The administrator can also set up customer-managed service accounts for the computing workloads. The administrator device 670 can thus provide a request to create service accounts 605 to the user management portal 610. The request can for example specify a number of service accounts to be created.

The user management portal 610 can then forward the request 615 to the identity management subsystem 640. The identity management subsystem 640 can then create the specific number of customer-managed service accounts 640 and add the service accounts to the team or organization account. The organization or team account now has a number of ordinary user accounts and a number of service accounts.

At step 635, using the user management portal 610, the administrator can assign software licenses, or software license seats, to some combination of the user accounts and to the service accounts. In this way, the process of assigning seats is no longer different from user accounts versus service accounts.

FIG. 7 illustrates attaching customer-managed service accounts to computing nodes. Because access credentials for service accounts can be based on private keys, associating a computing node with a service account can involve configuring the computing node to have access to the private key for the service account.

At step 705, the administrator device provides a request through the user management portal 710 for private keys for a service account. At step 715, the user management portal 710 forwards the request to the identity management subsystem 740. At step 725, The identity management subsystem 740 responds by providing the private keys of the requested service accounts, which are then forwarded to the administrator device 770.

At step 735, the administrator device 770 configures a computing node 750 to have the private key. In some implementations, the administrator device installs an SDK on the computing node that provides the functionality for using the private key to obtain access tokens from the identity management subsystem 740.

The computing node 750 can now use the private key to obtain access tokens and can function as if it were a normal human user, using the same APIs throughout the system as human users would.

FIG. 8 illustrates how service accounts can be used to manage licenses for non-human entities in a distributed computing platform. In this example, a computing node 800 is running a customer-managed application 810. The customer-managed application can be a computing workload that is part of hundreds of similar computing workloads running on the distributed computing platform.

The customer-managed application 810 requires a software license in order to execute some or all of its functionality.

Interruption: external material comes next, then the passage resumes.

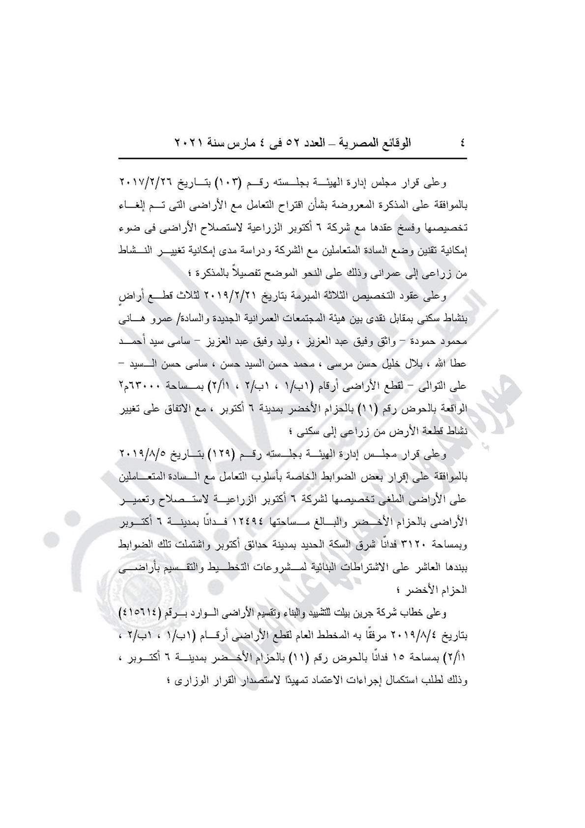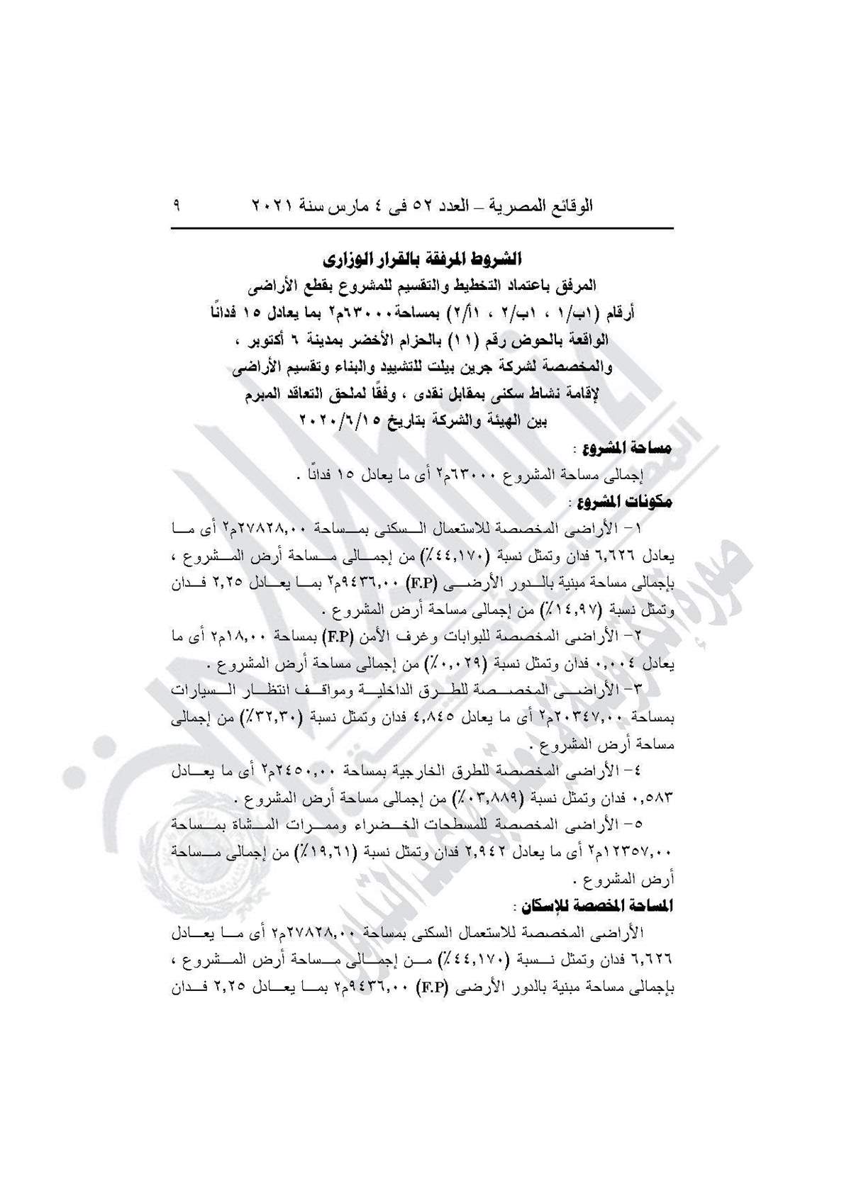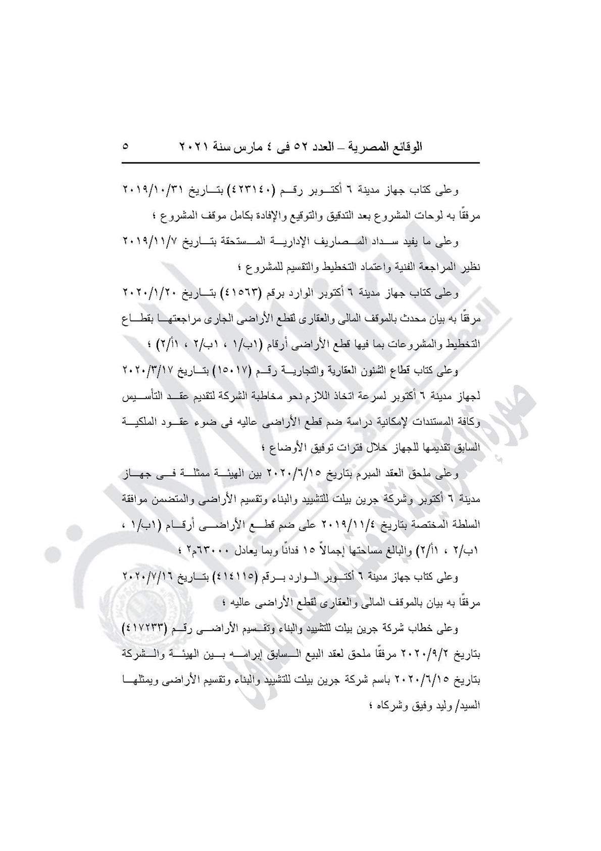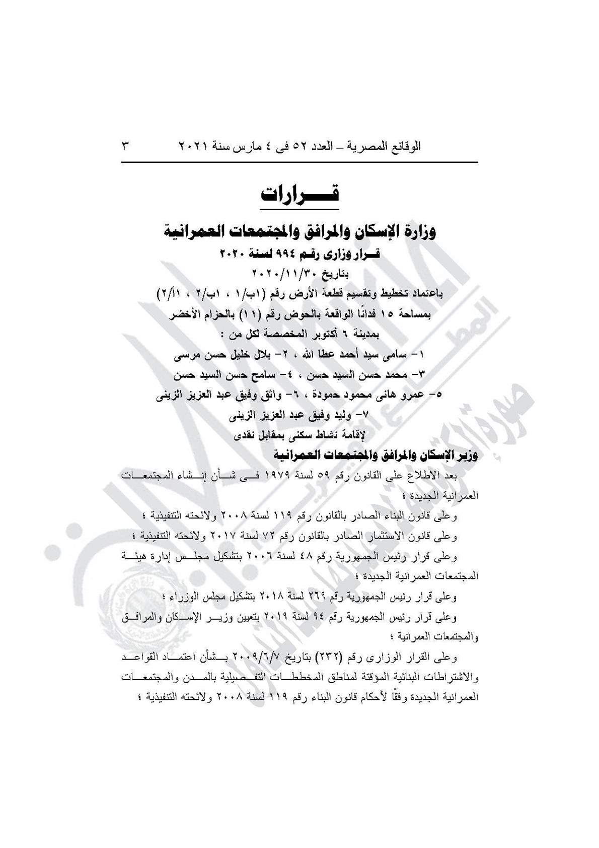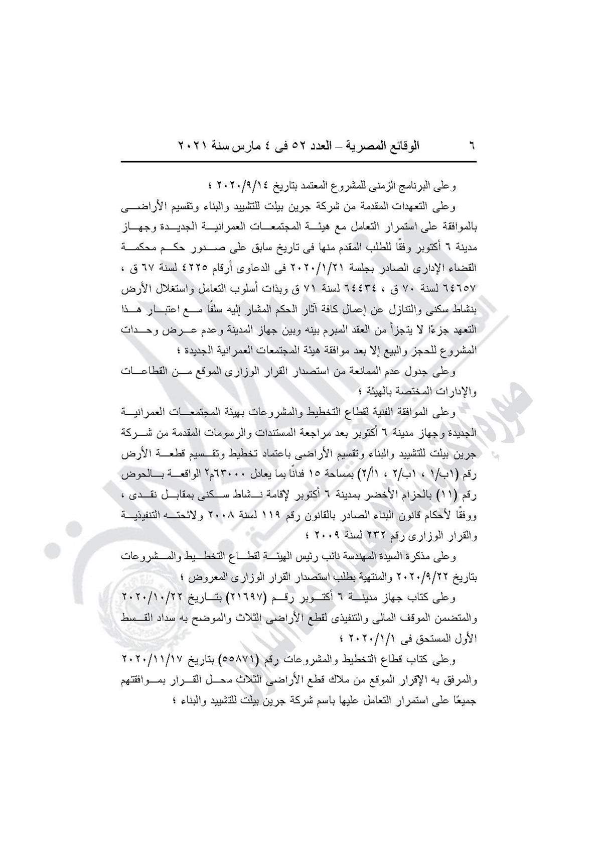 نشرت جريدة الوقائع المصرية في عددها رقم 52، الصادر في 4 مارس 2021، قرار وزارة الإسكان والمرافق والمجتمعات العمرانية رقم 994 لسنة 2020، باعتماد تخطيط وتقسيم قطعة الأرض رقم (1ب/1، 1ب/2، 1أ/2) بمساحة 15 فدانًا الواقعة بالحوض رقم (11) بالحزام الأخضر بمدينة 6 أكتوبر لإقامة نشاط سكني بمقابل نقدي.

In order to manage such licenses, the computing node 800 makes use of a licensing engine 820, which is a software subsystem or SDK that provides the functionality to interface with a licensing subsystem 840. The licensing subsystem 840 is a software subsystem that maintains information about which licenses have been assigned to which accounts on the platform. In some implementations, licenses can be assigned equally to user accounts or to service accounts.

Thus, at step 805, the customer-managed application 810 provides a request for a license to the licensing engine 820. The licensing engine 820 will then seek to authenticate the service account assigned to the computing node 800.

At step 815, the licensing engine 820 provides an authentication request to the identity engine 830. The identity engine 830 is a software subsystem or SDK that provides the functionality to interface with the identity management subsystem 840 in order to authenticate a service account and to obtain access credentials for a non-human entity to which the service account is assigned.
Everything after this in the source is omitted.